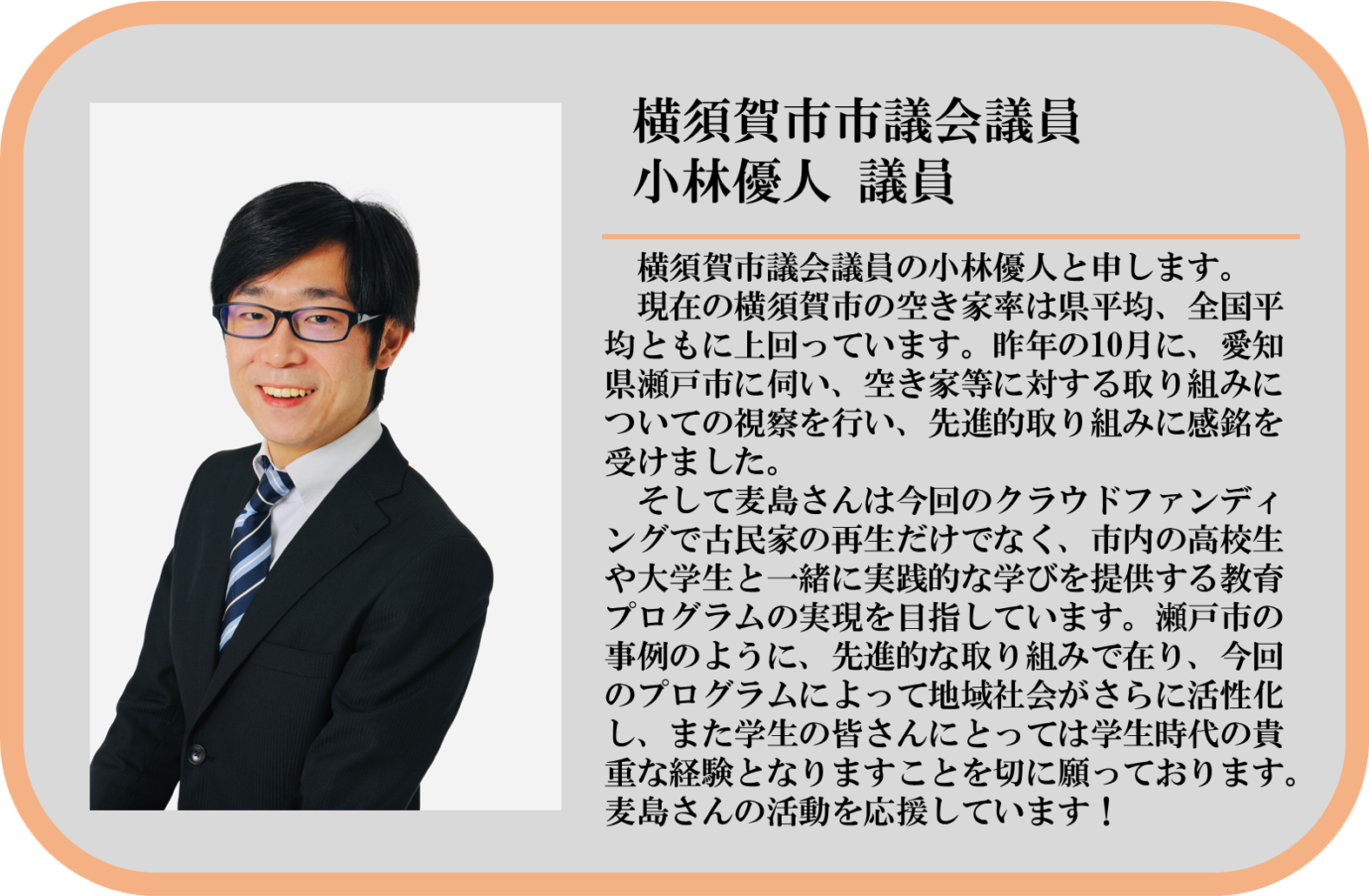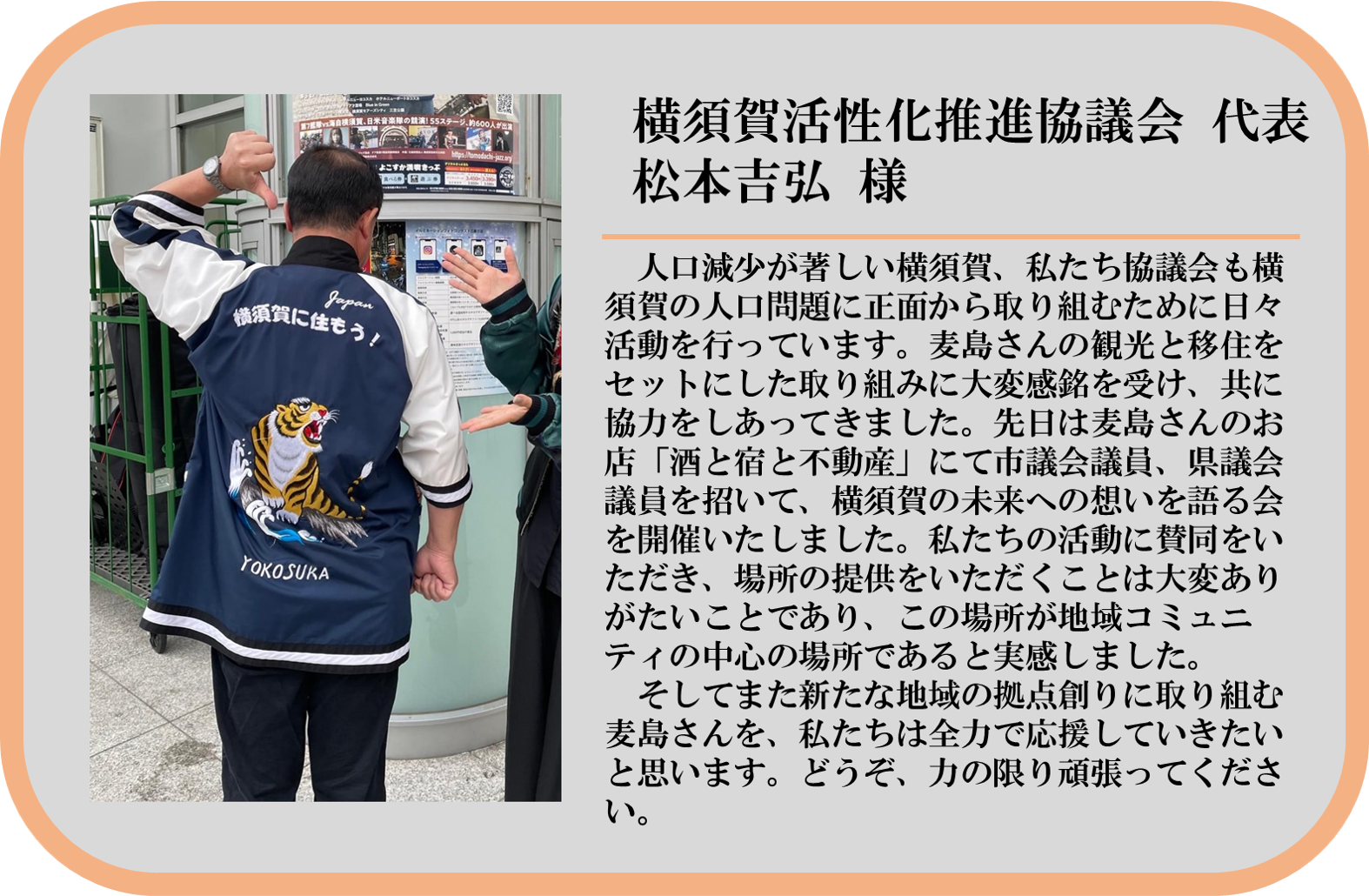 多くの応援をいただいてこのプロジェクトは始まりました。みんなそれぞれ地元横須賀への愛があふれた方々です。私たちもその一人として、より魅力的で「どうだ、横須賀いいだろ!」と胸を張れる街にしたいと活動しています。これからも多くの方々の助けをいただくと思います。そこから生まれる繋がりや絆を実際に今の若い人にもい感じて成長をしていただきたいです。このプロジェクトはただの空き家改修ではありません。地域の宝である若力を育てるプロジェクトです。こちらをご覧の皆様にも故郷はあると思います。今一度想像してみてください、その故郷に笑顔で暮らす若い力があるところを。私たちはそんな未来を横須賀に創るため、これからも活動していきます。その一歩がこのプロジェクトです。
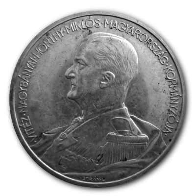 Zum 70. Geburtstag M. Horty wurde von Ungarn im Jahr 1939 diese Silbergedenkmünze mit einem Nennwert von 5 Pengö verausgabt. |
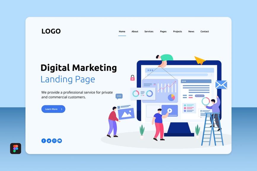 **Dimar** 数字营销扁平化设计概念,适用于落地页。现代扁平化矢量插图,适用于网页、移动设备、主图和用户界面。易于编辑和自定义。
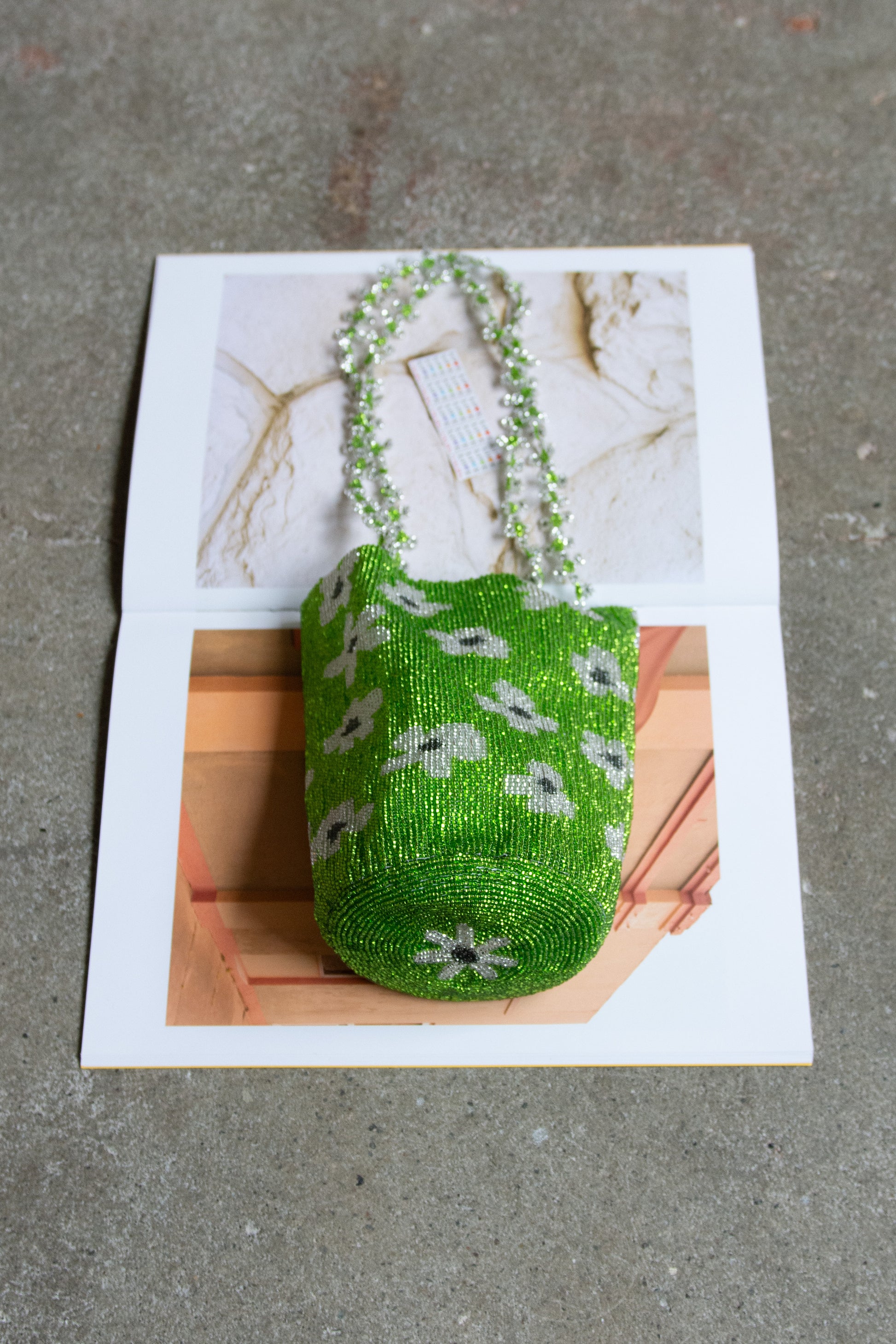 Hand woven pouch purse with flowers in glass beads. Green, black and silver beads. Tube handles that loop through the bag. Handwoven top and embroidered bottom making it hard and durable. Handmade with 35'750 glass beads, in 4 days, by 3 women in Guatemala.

+ + + + + + +

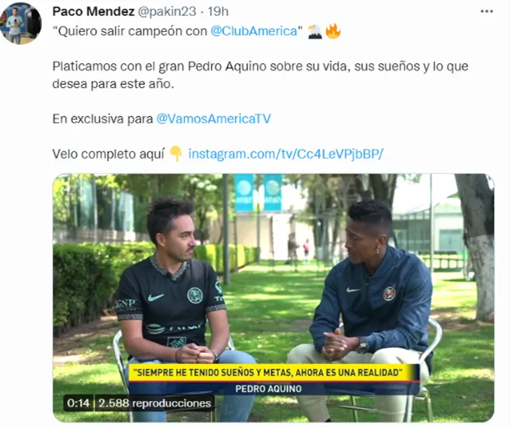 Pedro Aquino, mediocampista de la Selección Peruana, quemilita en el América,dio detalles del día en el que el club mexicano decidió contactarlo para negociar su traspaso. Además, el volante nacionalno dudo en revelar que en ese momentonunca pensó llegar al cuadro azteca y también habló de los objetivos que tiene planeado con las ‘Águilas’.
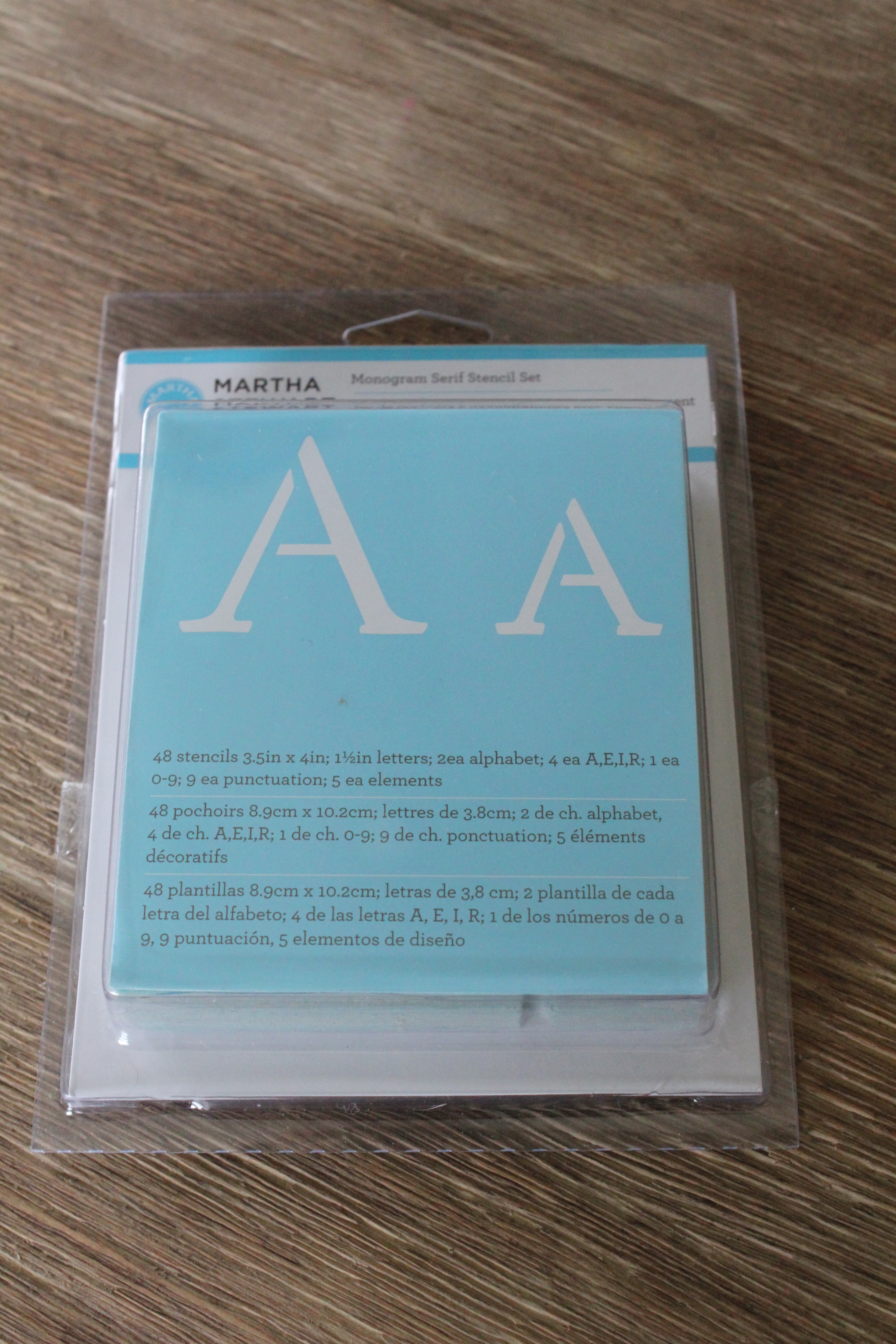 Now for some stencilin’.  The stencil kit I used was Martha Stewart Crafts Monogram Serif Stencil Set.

+ + + + + + +

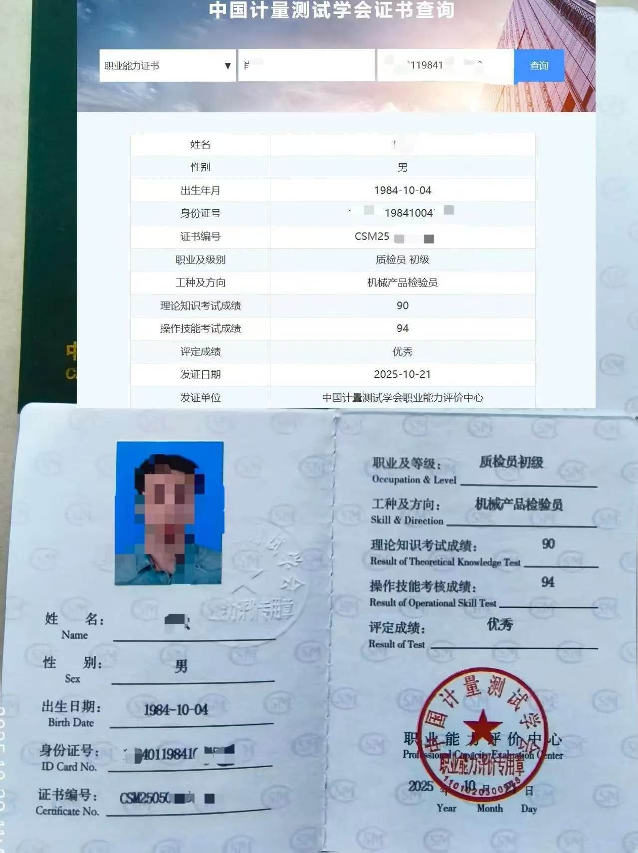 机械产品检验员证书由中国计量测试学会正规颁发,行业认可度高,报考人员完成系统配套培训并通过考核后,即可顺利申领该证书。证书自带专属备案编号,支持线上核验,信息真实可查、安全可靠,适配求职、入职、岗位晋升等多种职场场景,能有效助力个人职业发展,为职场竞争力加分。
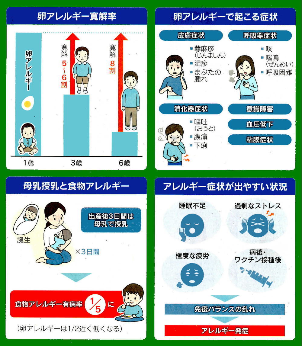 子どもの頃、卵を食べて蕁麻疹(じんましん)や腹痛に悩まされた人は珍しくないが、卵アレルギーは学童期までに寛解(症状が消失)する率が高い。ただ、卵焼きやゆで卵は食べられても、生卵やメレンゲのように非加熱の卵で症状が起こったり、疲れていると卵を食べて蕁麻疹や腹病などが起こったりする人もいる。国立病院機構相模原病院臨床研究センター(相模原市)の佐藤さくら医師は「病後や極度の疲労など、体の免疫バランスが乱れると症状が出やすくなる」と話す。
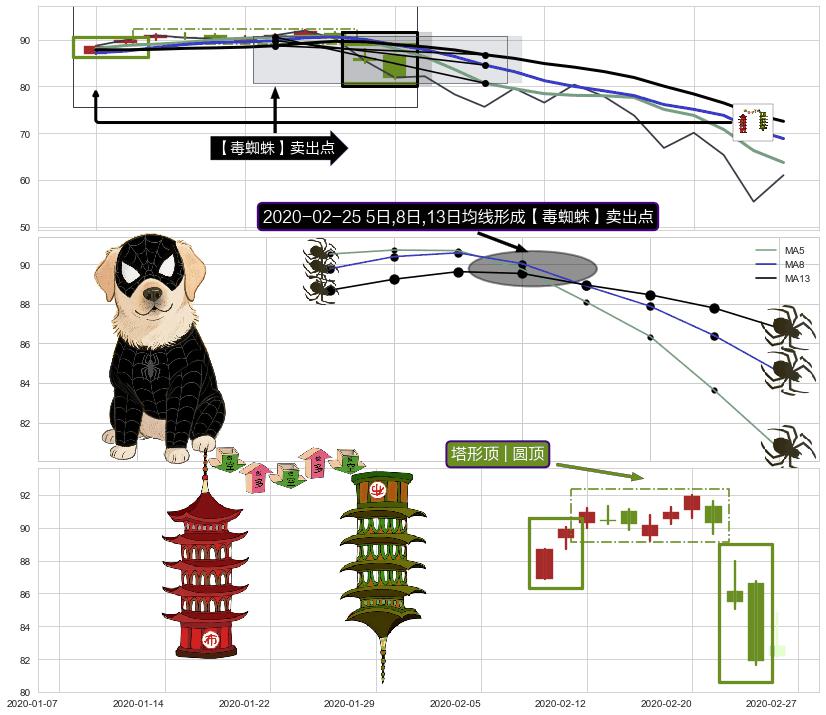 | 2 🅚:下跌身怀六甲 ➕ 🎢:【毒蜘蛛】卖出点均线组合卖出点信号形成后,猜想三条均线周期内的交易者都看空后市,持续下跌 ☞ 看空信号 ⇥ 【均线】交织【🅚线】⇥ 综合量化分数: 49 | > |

+ + + + + + +

-- Problem to work on --
Set the pictures aside and reproduce exactly the lines above, from the line holding "多くの応援をいただいてこのプ" through the line holding "Hand woven pouch", both included, with nothing else.

-- Answer to this task --
 多くの応援をいただいてこのプロジェクトは始まりました。みんなそれぞれ地元横須賀への愛があふれた方々です。私たちもその一人として、より魅力的で「どうだ、横須賀いいだろ!」と胸を張れる街にしたいと活動しています。これからも多くの方々の助けをいただくと思います。そこから生まれる繋がりや絆を実際に今の若い人にもい感じて成長をしていただきたいです。このプロジェクトはただの空き家改修ではありません。地域の宝である若力を育てるプロジェクトです。こちらをご覧の皆様にも故郷はあると思います。今一度想像してみてください、その故郷に笑顔で暮らす若い力があるところを。私たちはそんな未来を横須賀に創るため、これからも活動していきます。その一歩がこのプロジェクトです。
 Zum 70. Geburtstag M. Horty wurde von Ungarn im Jahr 1939 diese Silbergedenkmünze mit einem Nennwert von 5 Pengö verausgabt. |
 **Dimar** 数字营销扁平化设计概念,适用于落地页。现代扁平化矢量插图,适用于网页、移动设备、主图和用户界面。易于编辑和自定义。
 Hand woven pouch purse with flowers in glass beads. Green, black and silver beads. Tube handles that loop through the bag. Handwoven top and embroidered bottom making it hard and durable. Handmade with 35'750 glass beads, in 4 days, by 3 women in Guatemala.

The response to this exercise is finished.